As a good student, I’ve been spending all my time lately studying. So the only thing I’ve had time to write is study notes. I thought that I’d make the most of them, share a bit of my new knowledge with you, and give you a quick crammer’s guide to some of the topics from each of my subjects this semester. The information probably won’t mean a whole lot to you if you’ve never learnt anything about the topic before, but if you have, hopefully, this’ll clear up a few things for you.
This one’s about C Programming. This subjects covers making programs in C, pointers, file handling and parameters, generic programming and dynamic data structures.
Linked Lists
Linked lists are a special way of storing data, using a data structure that can grow or shrink as needed, and doesn’t need to be located in contiguous memory, i.e. it doesn’t all need to be next to each other in memory. It does this by using pointers to point to the next item in the list. Each item is called a node. The first node is pointed to by a special node called the head, which isn’t really a node, or an item in the list; it’s just a pointer to the rest of the list. It can store some data about the list over however, such as the number of nodes, or pointers to functions that can be used on the list.
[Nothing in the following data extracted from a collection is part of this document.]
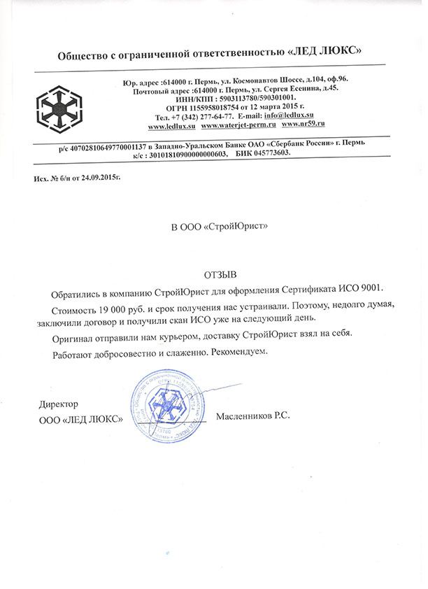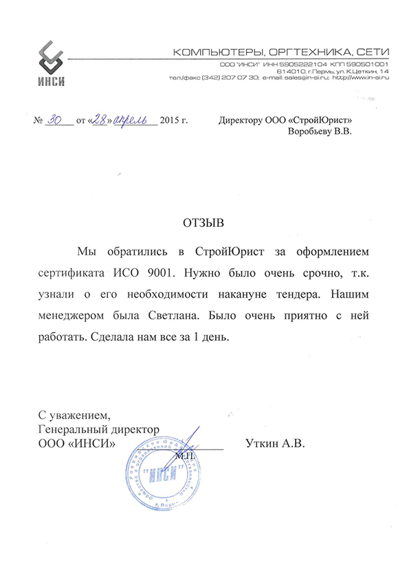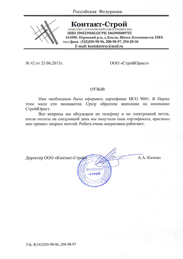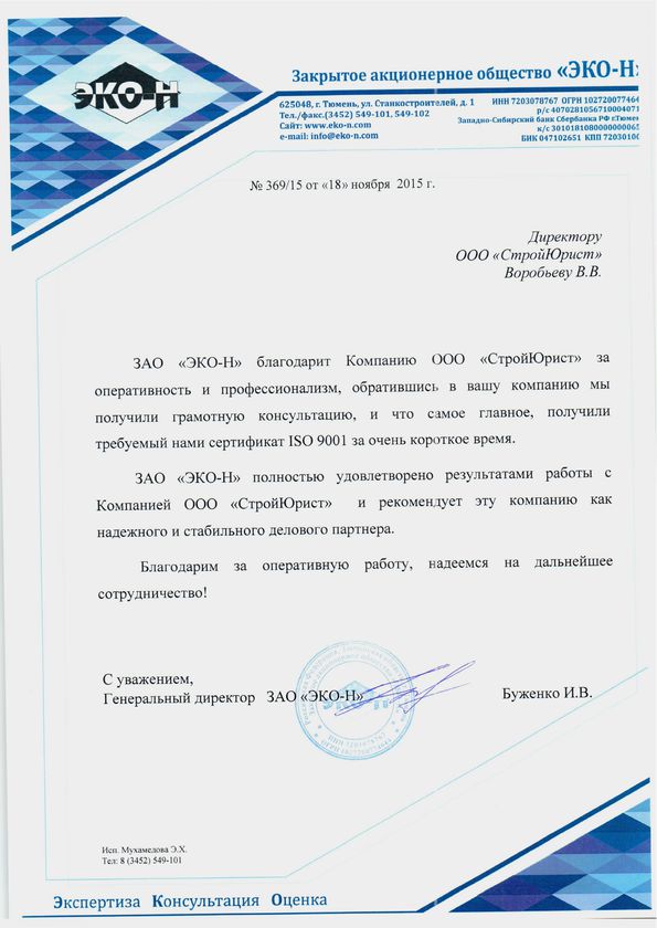 Отзывы клиентов "СтройЮрист" по ISO в Кургане
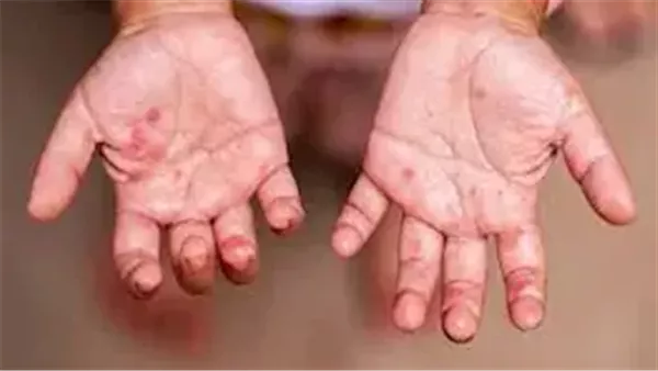 طفح جلدي: يظهر على اليدين والقدمين، وقد يمتد إلى مناطق أخرى مثل الأرداف، وتتكون من بثور.
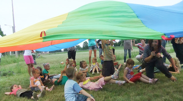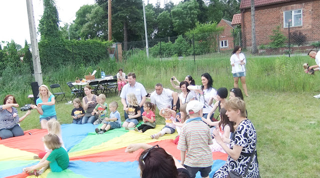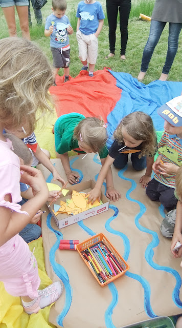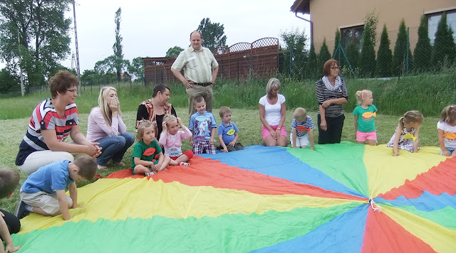 Po oficjalnej części wychowawczynie zabrały dzieci i rodziców na „wyprawę morską”, tęczowym statkiem – kolorową chustą. Podczas rejsu majtkowie (dzieci i rodzice) musieli posłusznie wykonywać wszystkie zadania: śpiewanie szant, łowienie ryb, sterowanie statkiem i inne.
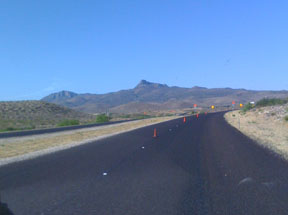 After Odessa the speed limit jumped to 80mph. When's the last time you saw that? Needless to say we got passed a lot. When the big rigs go whizzing by, it gets a little windy. The terrain finally turned pretty much to desert, with almost always a frontage road and railroad alongside.
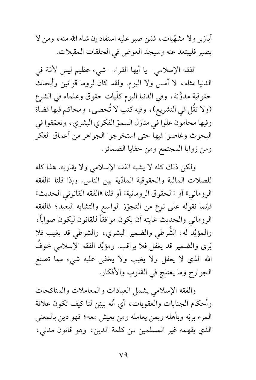 الفقه الإسلامي -يا أيها القراء- شيء عظيم ليس لأمّة في الدنيا مثله، لا أمس ولا اليوم. ولقد كان لروما قوانين وأبحاث حقوقية مدوَّنة، وفي الدنيا اليوم كلّيات حقوق وعلماء في الشرع (ولا تقُل في التشريع)، وفيه كتب لا تُحصى، ومحاكم فيها قضاة وفيها محامون علوا في منازل السموّ الفكري البشري، وتعمّقوا في البحوث وغاصوا فيها حتى استخرجوا الجواهر من أعماق الفكر ومن زوايا المجتمع ومن خفايا الضمائر.

Each node has some data, or a pointer to some data, and a pointer to the next node. The last node points to NULL (nothing) so that we know when we’ve reached the end. Some linked lists (called doubly-linked lists) have nodes with a pointer to the previous node also. This can be very handy in some situation, however my studies so far have been focused on singly-linked lists.
Even without doubly-linked lists, linked lists, combined with other data structures, can get pretty complex. Here’s and example of a data structure from one of my assignments this semester:
Adding Nodes
The process for adding a node to a linked list is slightly different depending on where it’s being added. Usually nodes are added in order, because there much more useful that way. Below I have three GIF images to illustrate the process for added a node in each of the different situations: Immediately after the head, Somewhere in the middle, and At the end.
HEAD
newNode.next = head.next;
head.next = newNode;
MIDDLE
To add a node in the middle of a sorted list, you need to know about two nodes: the node before where it goes (previousNode
), and the node after where it goes (currentNode
). You don’t actually use currentNode
, but you need to keep track of it, so you can check if actually is after newNode
, or if newNode
may need to go further down the list. (This might all make a bit more sense after you’ve read the sorting section below). Anyway, once you’ve found where to insert the newNode
, this is what you have to do.
newNode.next = previousNode.next;
previousNode.next = newNode;
END
If you’re linked list is well-made, adding to the end will actually be exactly the same as adding to the middle, because previousNode.next
will point to NULL, so step 1 will be redundant but still work.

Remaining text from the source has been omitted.